Jan. 17th, 2007

Mail 1

Jan. 17th, 2007 11:38 am
webofevil: (rockfall)
Do you read the Daily Mail regularly? Does your blood pressure soar whenever you buy your copy, as that day’s headline once again bellows that everything you hold dear is under attack? Do the indignant editorials fire you with righteous rage and heartburn? Are you tired, in short, of being ANGRY?

The Daily Mail has the answer.

Balaclava

Jan. 17th, 2007 12:14 pm
webofevil: (do not cross)
ITV Play rapped over quiz

Quiz channel ITV Play broke broadcasting rules by making its answers too obscure. Viewers complained after two answers to the question “what items might be found in a woman's handbag?” were revealed to be “balaclava” and “rawl plugs”.

Ofcom ruled the answers were unreasonable and the competition was therefore not conducted fairly. ITV Play apologised for what it described as an “exceptional one-off error of editorial judgment”.

The channel, which encourages viewers to take part in games via premium rate phone lines, has faced criticism for giving viewers little chance of getting through to a programme. But ITV Play has insisted it strives to produce popular and innovative programmes.

A spokesman said: “ITV Play aspires to be the gold standard in participation TV and ensure fair play at all levels and we take this error very seriously.” They added procedures had been tightened since the incident.
The sample answer to the handbag conundrum, given to viewers before the quiz started, was “mobile phone”, which, it could be argued—and Ofcom has—was not entirely representative of some of the higher scoring answers, such as “directions” and “dog”.

[Poll #908422]
webofevil: (do not cross)
Good thing I keep late hours.
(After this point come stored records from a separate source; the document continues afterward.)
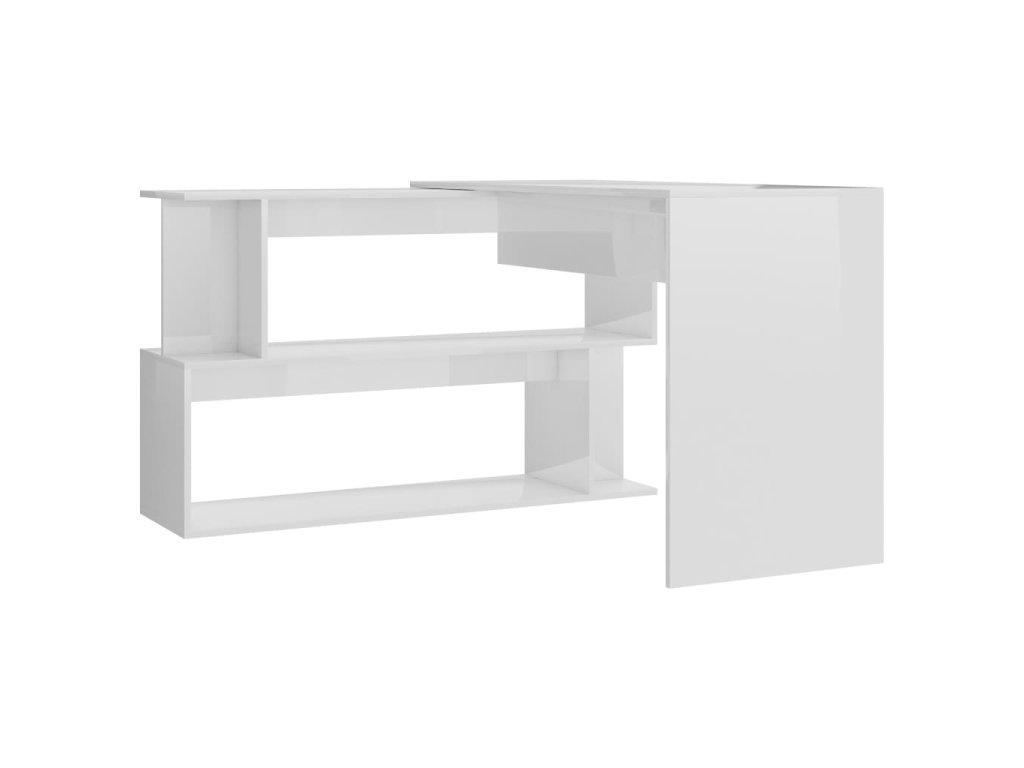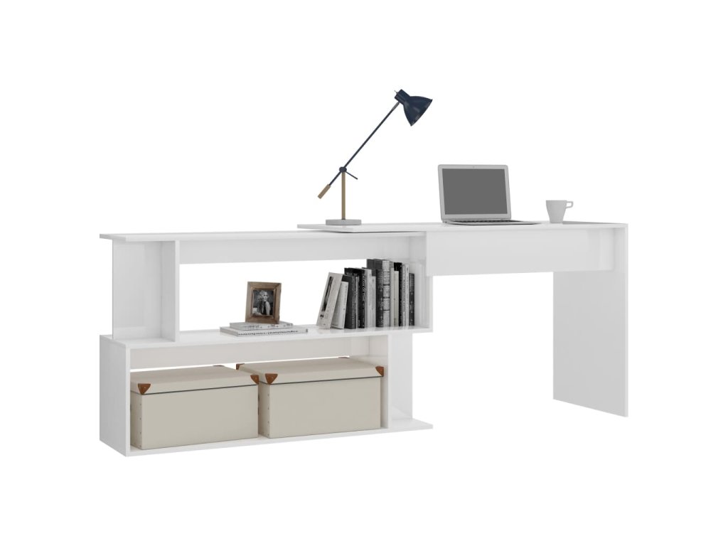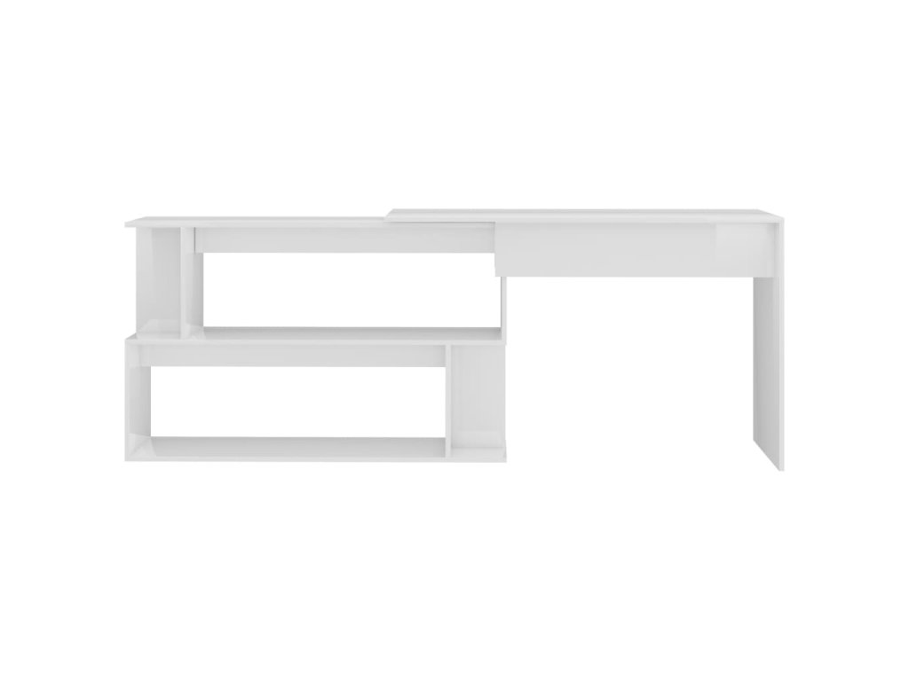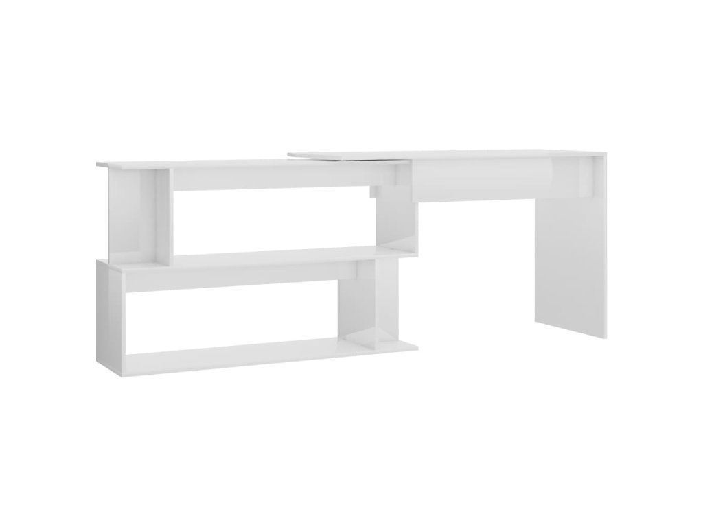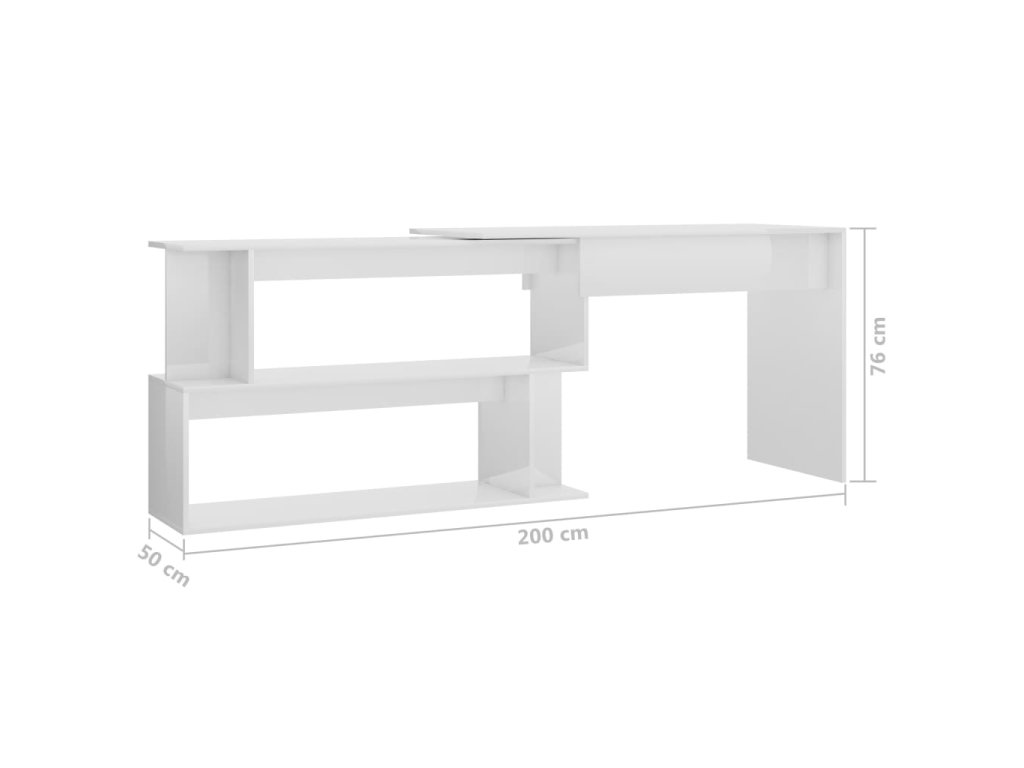 Multidom Rohový stôl, lesklý biely 200x50x76 cm, kompozitné drevo
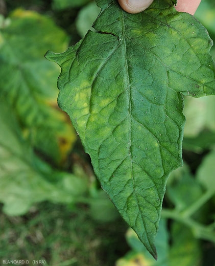 Las plantas afectadas por Verticillium dahliae muestran frecuentemente un discreto marchitamiento de los folíolos inferiores en los momentos más calurosos del día. Al principio, este marchitamiento es reversible de la noche a la mañana. Posteriormente, a medida que se desarrolla la enfermedad, se puede observar que ciertos sectores del limbo, a menudo interveinales y en forma de “V”, se ablandan gradualmente y se vuelven amarillos (figuras 1 a 3). Grandes porciones de los folíolos eventualmente se vuelven de color beige a marrón y luego se necrosa (Figuras 3 a 8). Los folíolos y hojas así afectados mueren prematuramente, lo que puede llevar a la exposición de los frutos a la radiación solar y por tanto al riesgo de quemaduras solares .
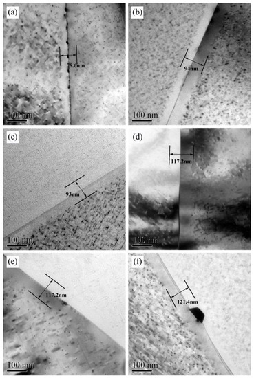 Figure 5 shows the PFZ of alloys AA and AZ under different aging conditions. According to the measured width of the PFZ, we found that the PFZ of alloy AA and AZ all became wider with the increase of aging time. Moreover, compared to alloy AA, the PFZ of alloy AZ was broader. However, for the alloy AZ, we can observe from Figure 5d,f that the width of PFZ is small, only increasing by 4.2 nm after reaching the over aged condition. This is due to the fact that the density of precipitates for alloy AZ was higher than for alloy AA (see Table 3), and more solute atoms were consumed during the growth of precipitates after peak aging, which hindered the segregation of solute atoms along grain boundary, thereby reducing the probability of PFZ broadening [23].
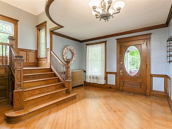 Welcome to the desirable village of Naples in the Finger Lakes region. This completely renovated grand colonial will check all the boxes! Chef's kitchen highlights 2022 refrigerator, dishwasher & microwave. Spacious island, granite counters & wine bar. 1st floor primary with ensuite offers a gas fireplace, semi-private deck with ramp & separate entrance is perfect for Airbnb potential or in-law suite. Original woodwork throughout, stained glass windows, hardwood flooring & three newer heating & cooling mini-splits. The newer permitted 3rd floor with high ceilings, half bath & sprinkler system is a standout! Fitness enthusiasts will love the basement gym, all equipment will stay. The exterior was completely painted 3 yrs ago & the front porch was redone within the last 5 yrs. Grounds highlight a fenced in backyard, detached garage & double wide paved driveway. Walking distance to all the village has to offer. Within minutes to Canandaigua Lake, wineries/breweries, 2 golf courses, Bristol Mountain, hiking & so much more! 6/10 OPEN HOUSE HAS BEEN CANCELED.
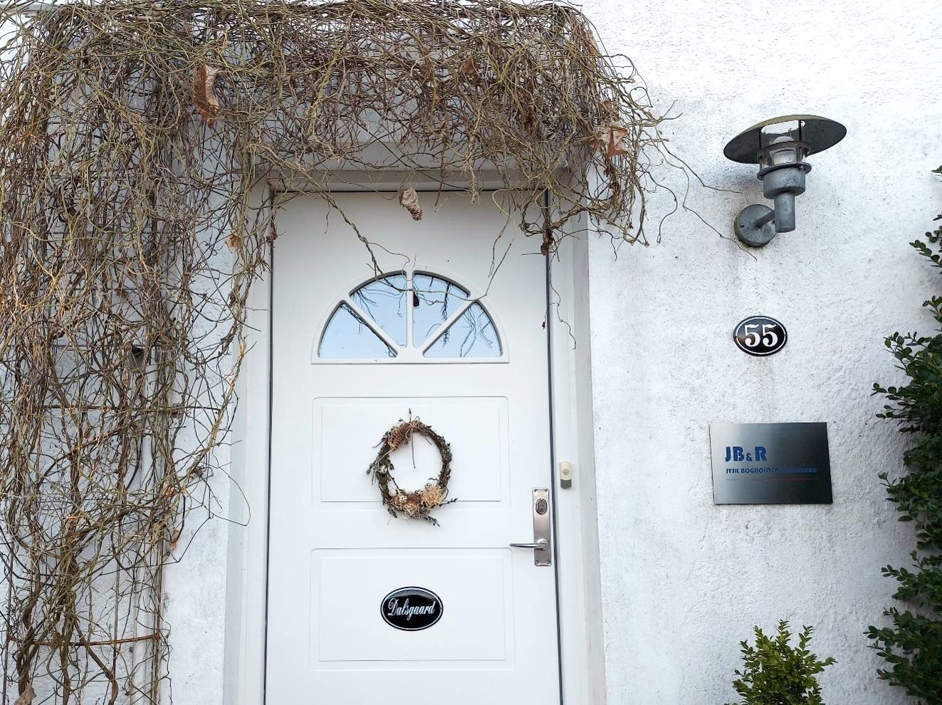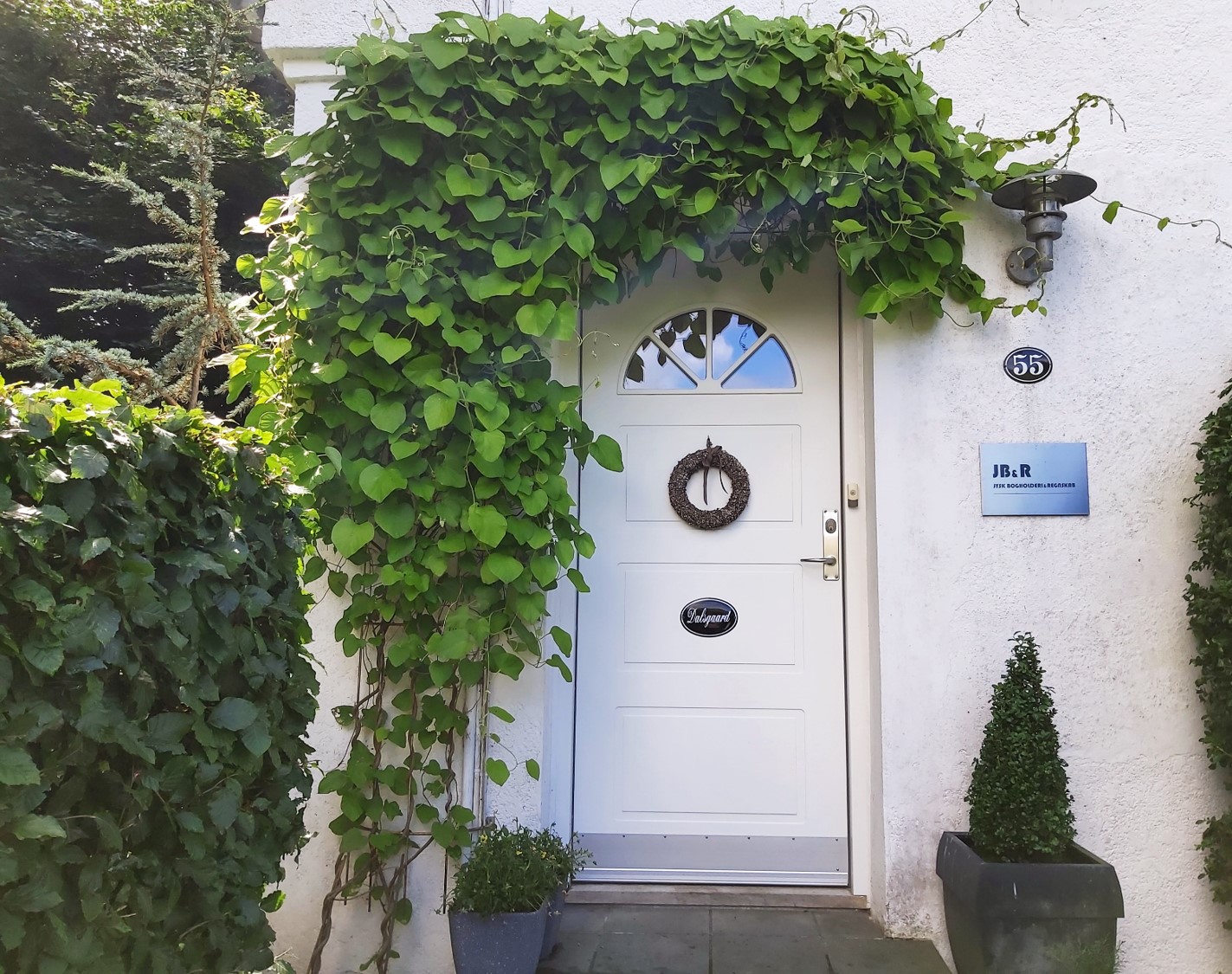 En dør som vores kalder næsten på en krans. Lige nu ser det lidt trist ud med de bare stængler på tobakspibeplanten.
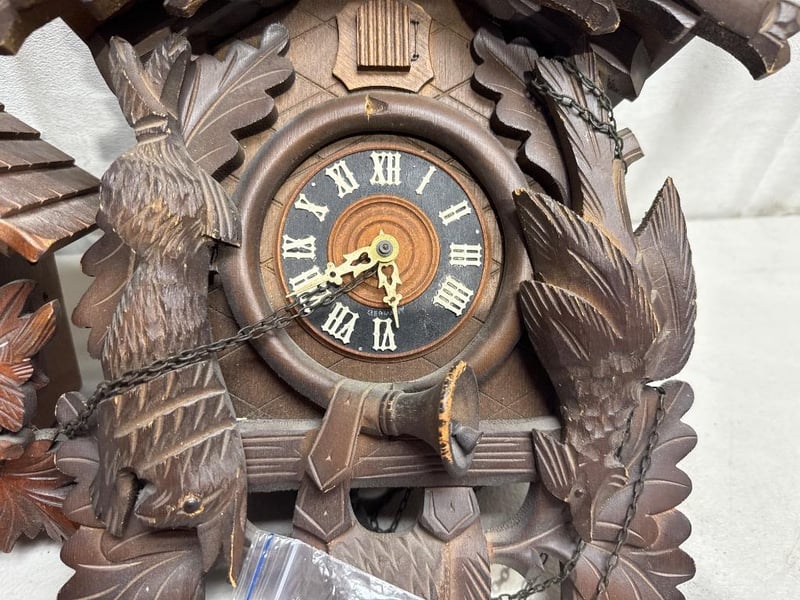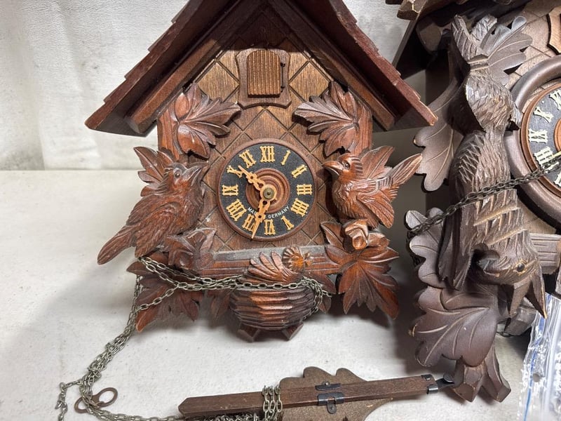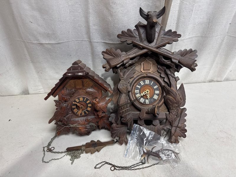 2x vintage black forest cuckoo clock, circa 1950, made in Germany, carved wood
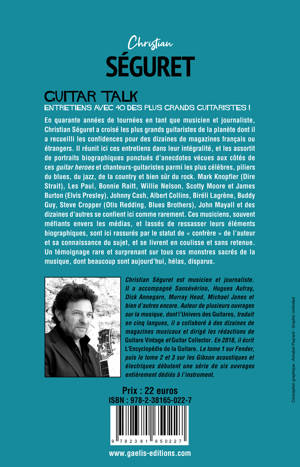 En quarante années de tournées en tant que musicien et journaliste, Christian Séguret a croisé les plus grands guitaristes de la planète dont il a recueilli les confidences pour des dizaines de magazines français ou étrangers. Il réunit ici ces entretiens dans leur intégralité, et les assortit de portraits biographiques ponctués d’anecdotes vécues aux côtés de ces guitar heroes et chanteurs-guitaristes parmi les plus célèbres, piliers du blues, du jazz, de la country et bien sûr du rock. Jimmy Page (Led Zeppelin), Mark Knopfler (Dire Strait), Les Paul, Bonnie Raitt, Willie Nelson, Scotty Moore et James Burton (Elvis Presley), Johnny Cash, Albert Collins, Biréli Lagrène, Steve Cropper (Otis Redding, Blues Brothers), John Mayall et des dizaines d’autres se confient ici comme rarement. Ces musiciens, souvent hostiles aux médias, et lassés de ressasser leurs éléments biographiques, sont ici rassurés par le statut de « confrère » de l’auteur et sa connaissance du sujet, et se livrent comme rarement. Un témoignage rare et surprenant sur tous ces monstres sacrés de la musique, dont beaucoup sont aujourd’hui disparus.
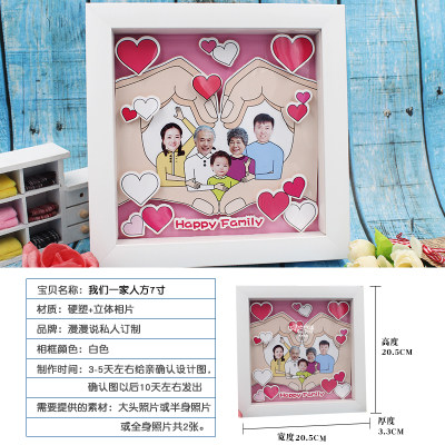 Customized creative stereo cartoon diy wooden photo frame for a family of three-member family holiday gift
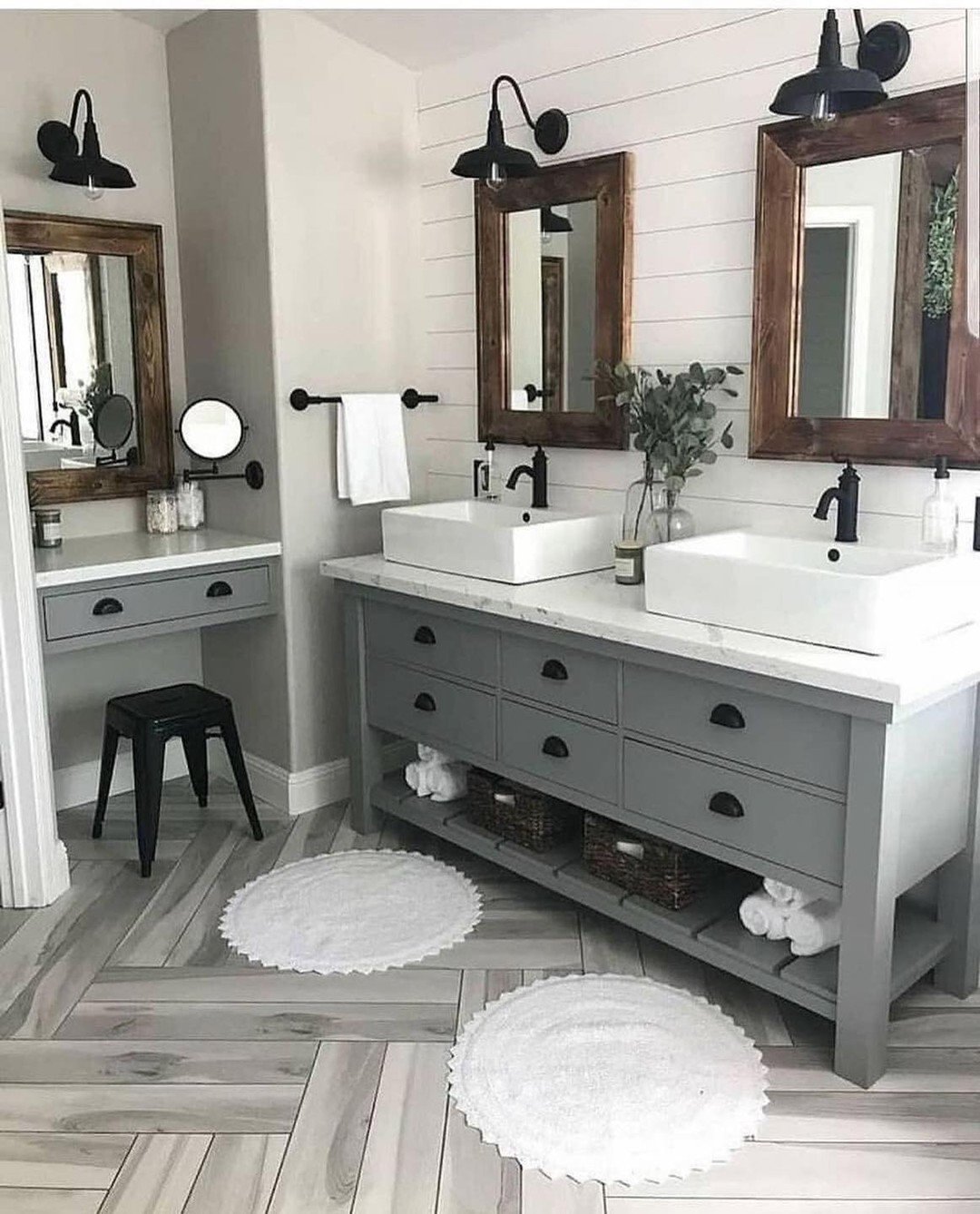 This one feels calm in the best way. The muted gray vanity keeps everything grounded while the white sinks and walls keep it light and fresh.
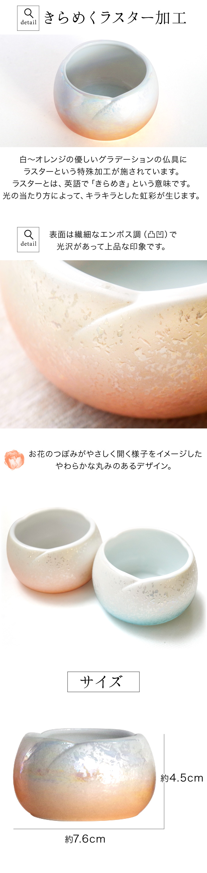国産仏具「やわらぎの花」 香炉 単品 ラスターオレンジ【小サイズ】
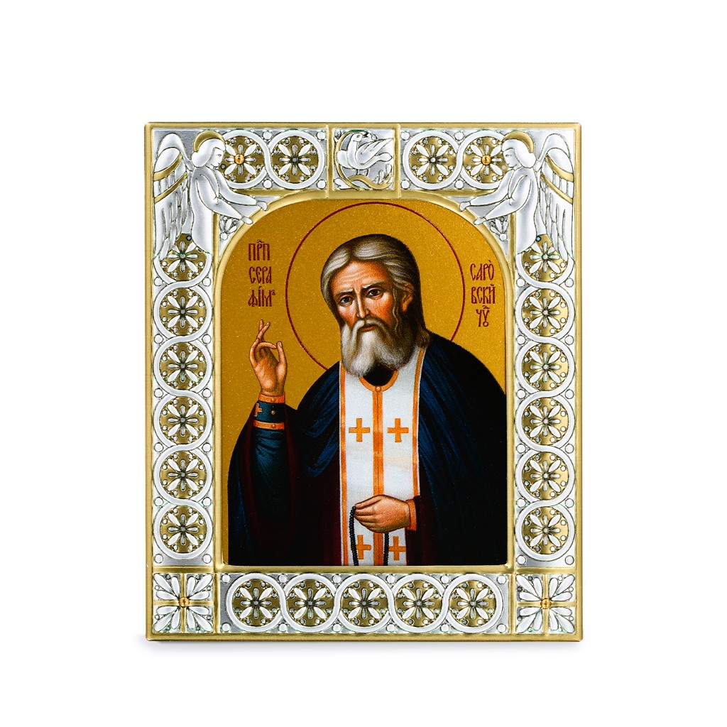 Размер иконы 88*104 мм. Рамка выполнена из сублимационного алюминия, покрытого посеребрёнными красками

Twenty past one last night my doorbell rings loud and long. “Oh, this had better be good,” I tell the intercom.

“It’s the police,” it replies.

“Ah,” I say, and go down to let them in. They look me over, decide I’m not their quarry and storm upstairs. They bother the Finns who live there for a few minutes, persuading them to roll up their sleeves to see if they have any tattoos, then come clumping down again when one of them remembers that I mentioned a basement flat.

“Someone came out of your address,” a policewoman tells me, “and had an altercation with one of the workmen outside.” Enough of an altercation, that is, to warrant at least eight uniform and a police van. The detection side of their job has been made slightly easier by the news that the assailant is tattooed.

The workman will have been working for Tube Lines, who are given to parking their vans on the stretch of pavement outside on the odd occasion when there’s major Underground maintenance going on overnight. They had been there in force the previous night, and around midnight yesterday evening I was aware once more of the familiar revving engines and shouty banter.

The police hammer on the door of the basement flat. I hear it answered. They are instantly in no doubt: “Could we talk to you, sir?” His tattoos must be showing. Then a lot of voices talk at once, until I hear one of the men who share downstairs saying “There’s no need, I’m not under arrest,” followed shortly by an incredulous “Am I under arrest?”. He’s under arrest.

My guess is that the workmen have turned up, as has the volume for anyone whose bedroom is out front, and our hero, incredibly drunk as I have occasionally encountered him, has resented this and popped out to have “a word”. This is only wild surmise on my part, however; I wasn’t able to ask him, as he disappeared into the night in the back of a van.
webofevil: (do not cross)
The engaged/vacant indicator on our office toilet door (which features the actual words “engaged” and “vacant”) was mysteriously broken the other day. The man who came this morning to replace it with a simple red/white sign told us that there’s a spate of these worded indicators being unscrewed and stolen.

Anyone know why that might be? Is it like the brief 80s craze for stealing and wearing VW badges? And is it just on the parliamentary estate, or has there been an outbreak of engaged-sign stealing at your workplace, college or other daytime location? Anyone?